The Association of British Insurers (ABI) estimates the blaze will result in claims worth £20 million being paid out. The motor insurance industry paid out £33 million in claims every day in 2016 but it's very unusual to have so many cars destroyed at once.

The settlement offered to customers will take into account the cost of replacing the vehicle with one of the same age and condition, minus whatever excess applies to the policy.

Some payments have already been made to some of the hundreds of people who lost their vehicles in the blaze, however many drivers are still struggling to give proof that their vehicles were even involved in the fire.

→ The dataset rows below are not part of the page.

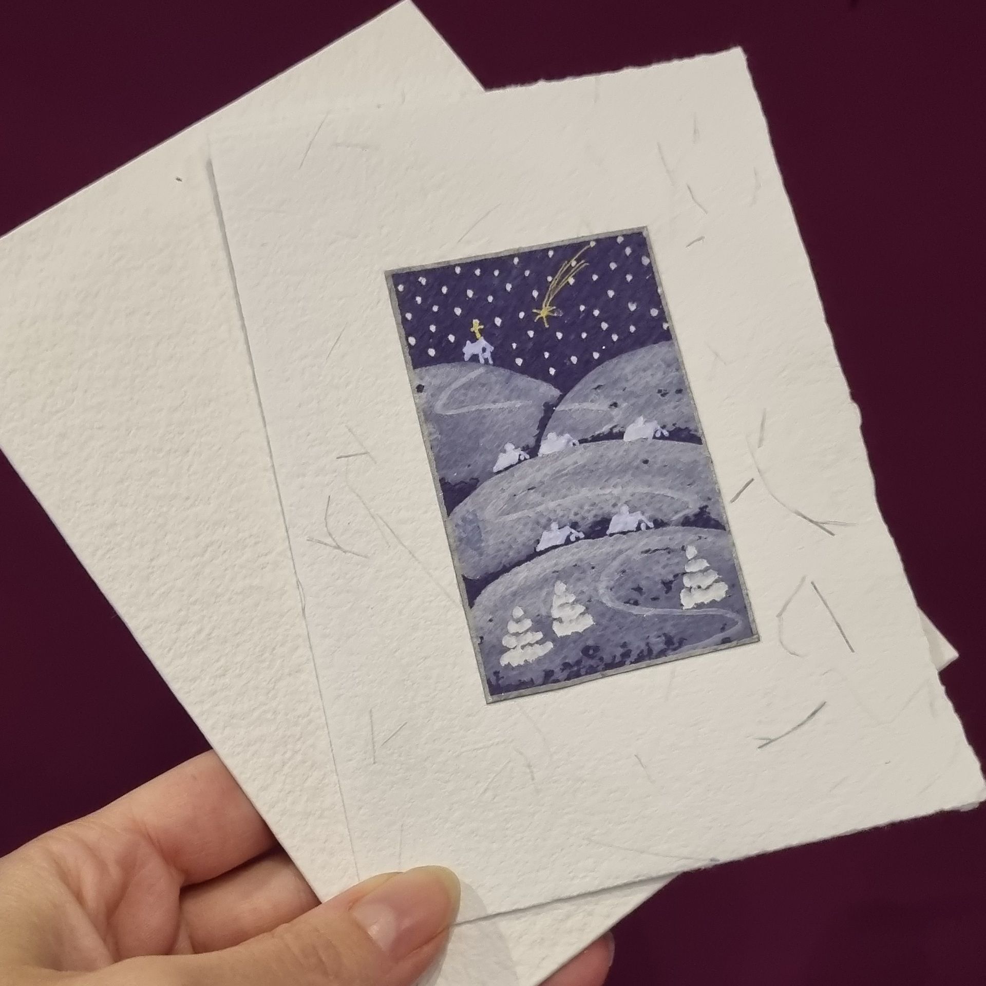 Jedná se o blahopřání z ručního papíru s originalní autorskou kresbou. Součástí blahopřání je také barevně sladěná obálka taktéž z ručního papíru.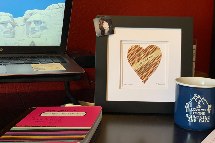 Each piece in this series is made from the seams and leather of actual used baseballs. This artwork creates the perfect gift idea for weddings, anniversaries, birthdays for the baseball fan in your life that you love!
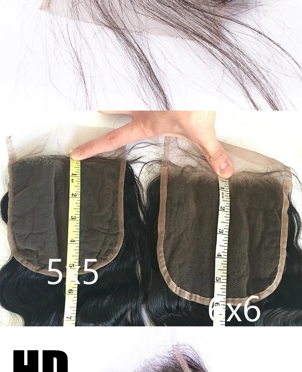Волнистые невидимые бразильские человеческие волосы 5x5 6x6 HD с застежкой на сетке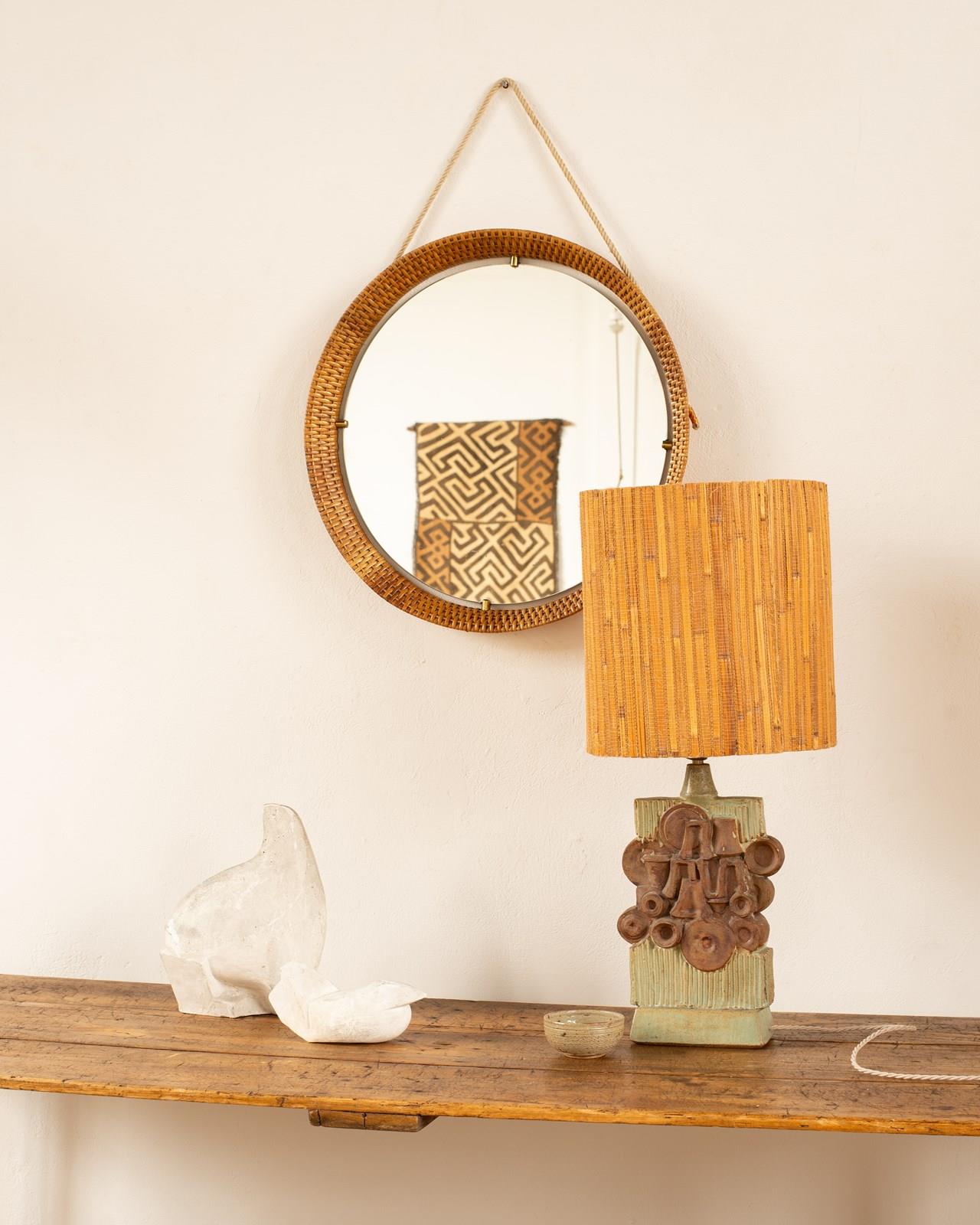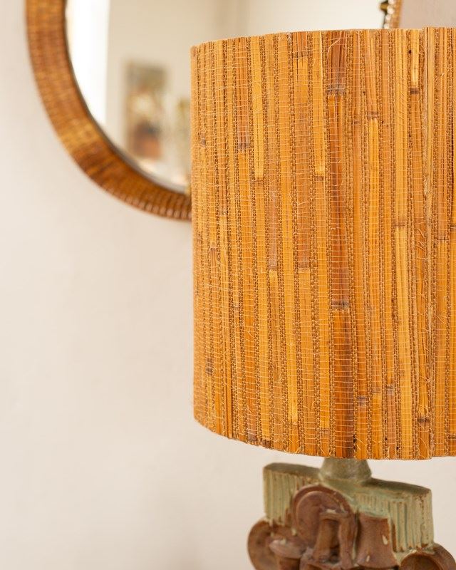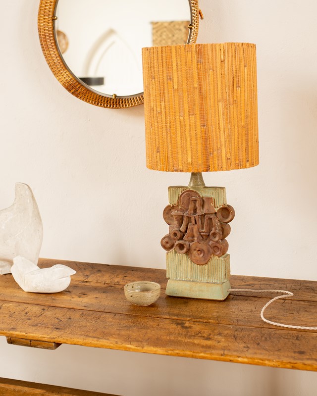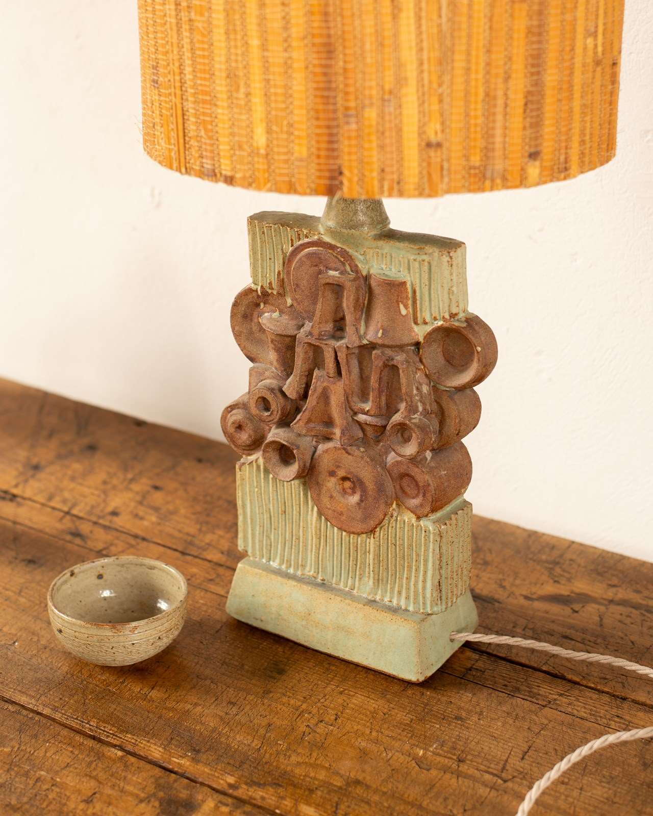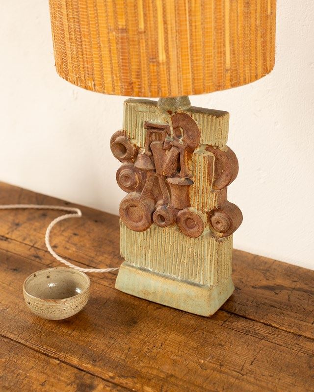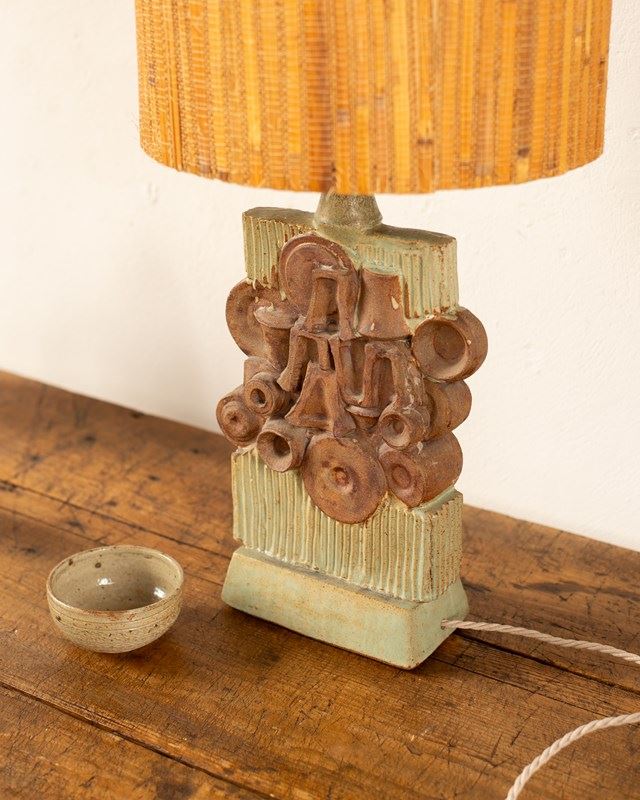 A  brutalist studio pottery lamp base by British ceramicist Bernard Rooke, complete with its original shade C1970.  The lamp base is wonderfully detailed, glazed in a soft green-grey which constrasts beautifully with the matt reddish brown clay.  It is in excellent condition.  The original shade is constructed using multiple strips of cane. It has a little loss in parts and some wear to the stitching but is in good order and wonderful to have intact.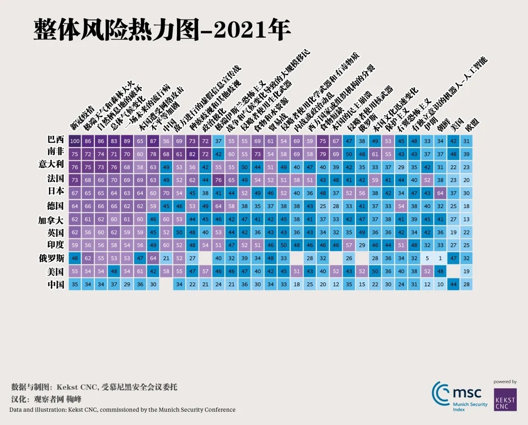 拿今年指数中最重要的一项风险源——“新冠疫情”来说,凭借出色的防疫措施,中国民众的感知指数仅有35。国内疫情防控一团乱麻的巴西感知指数最高,达到100分。此外,意大利76、日本67、加拿大和英国62。值得一提的是,累计感染人数居全球第一、第二的美国和印度,民众对疫情的感知指数不高,分别为55和59。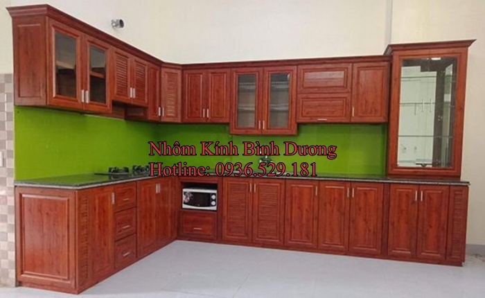 - Tủ bếp nhôm kính bình dương màu vân gỗ: Mẫu này mang lại vẻ sang trọng và hiện đại cho không gian bếp của bạn.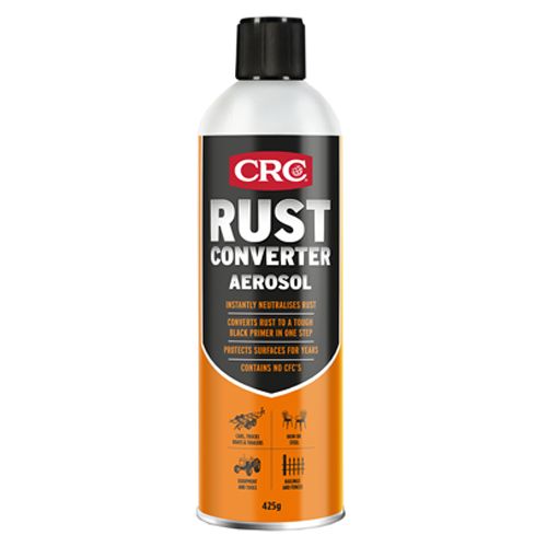CRC Rust Converter is a unique fast drying coating formulated for treatment of lightly rusted or correctly prepared metal surfaces. CRC Rust Converter neutralises rust and converts it to a tough black primer in one easy step. It binds to the surface and provides a waterproof barrier by sealing out moisture and other outside elements for effective long-lasting rust protection. No more sandblasting, heavy scraping, or grinding.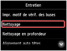 Une fois le nettoyage terminé, un écran de confirmation s'affiche pour procéder à l'impression du motif de vérification des buses.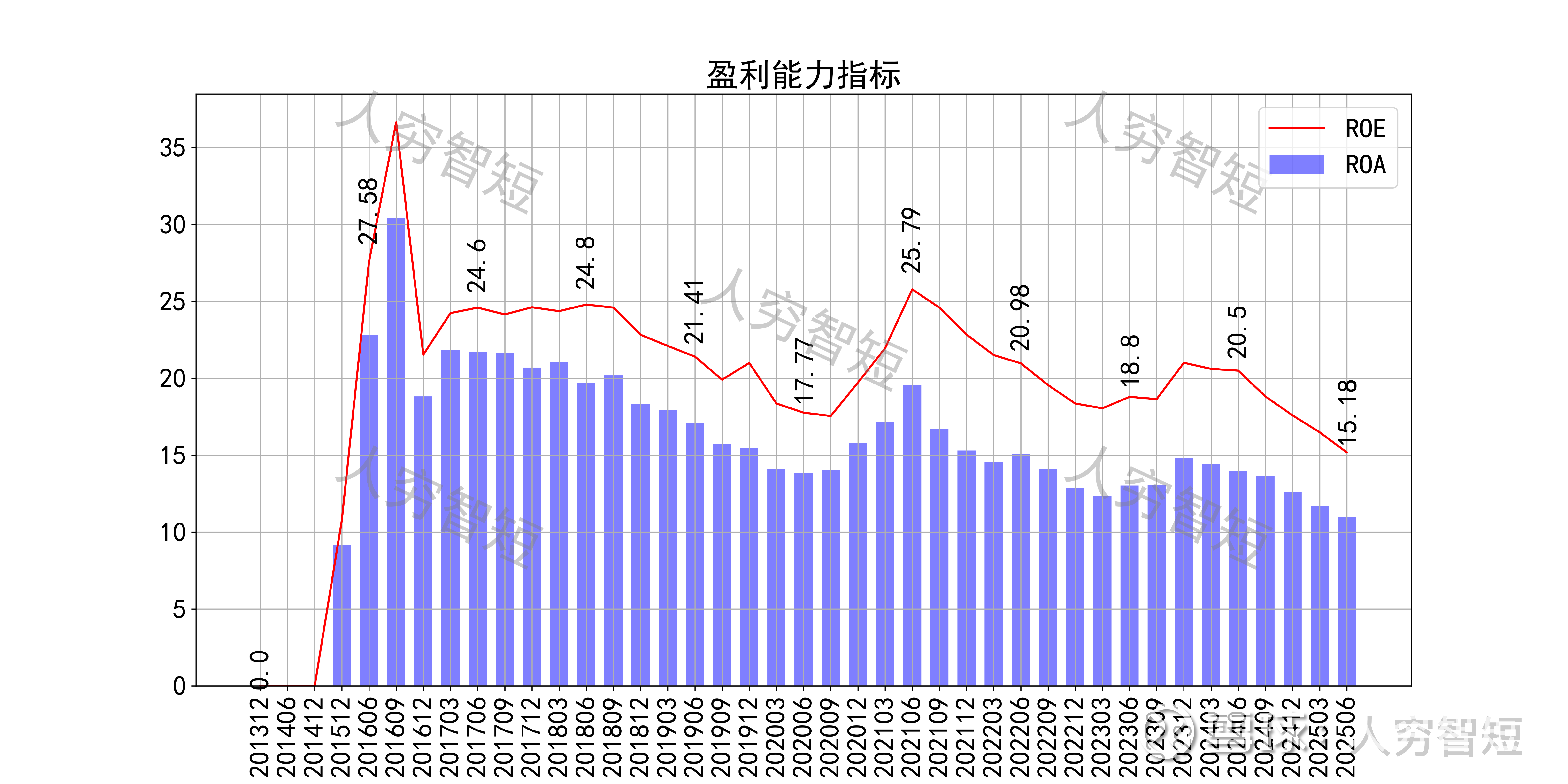 最近十年营收规模复合增长率约为22.10%,到25年6月末,TTM营业收入为497.08亿元,近期持续下滑。成本费用端构成来看,营业成本占据主要地位,成本构成中原材料占比约80%,人工占比约12%。整体毛利率震荡走低,近年来有所企稳,净利率同步波动有所下滑,处于历史偏低水平。各项费用控制较差,销售费用占比维持高位,带动整体成本费用占比居高不下。盈利指标ROE、ROA显示,盈利能力自高位持续下滑,最新ROE在15.18%左右。

Footage supplied by Matthew Brough

Without necessary proof - like parking tickets or photographic evidence - many people are finding themselves without hope of compensation.

Liverpool Mayor Joe Anderson confirmed 96 per cent of claims had been settled as of 24 January 2018, however a number of drivers are angered by different treatment by different insurers.

While many insurers - including Aviva, LV and NFU Mutual - have waived excess fees, others have refused to do so. Many drivers have also reported losing their No Claims Discount as a result of the fire, which was discovered to have resulted from a 16-year-old car.

Interestingly, a couple dozen cars on the top floor survived decimation when the seven-storey car park was englufed by flames. Yet, it's still unclear as to whether any of these cars will be returned to their owners.

Mayor Joe Anderson said: "I don’t even know how many cars there are that are going to be allowed to be salvaged. Some of the flooring has actually buckled and caved in, so how they’re able to be removed without a crane to lift them out, I don’t know."

Echo Arena Damage 3

The scorched car park is collapsing , with cars falling through the floors 


Michael West    on 25 January 2018

Interesting view point, but as we seem to know the origination of the fire - ie the vehicle itself, are that vehicle owners insurer not liable for the 1300 odd cars and the cost of the car park itself? Therefore the claim would be against that persons insurer and not subject to a claim on your own insurance and loosing your excess?

POB123    on 29 January 2018

It would be very difficult to prove any negligence on the part of the vehicle owner whose car allegedly "caused" the fire due to any evidence going up in the conflagration. "Clutching at straws" comes to mind!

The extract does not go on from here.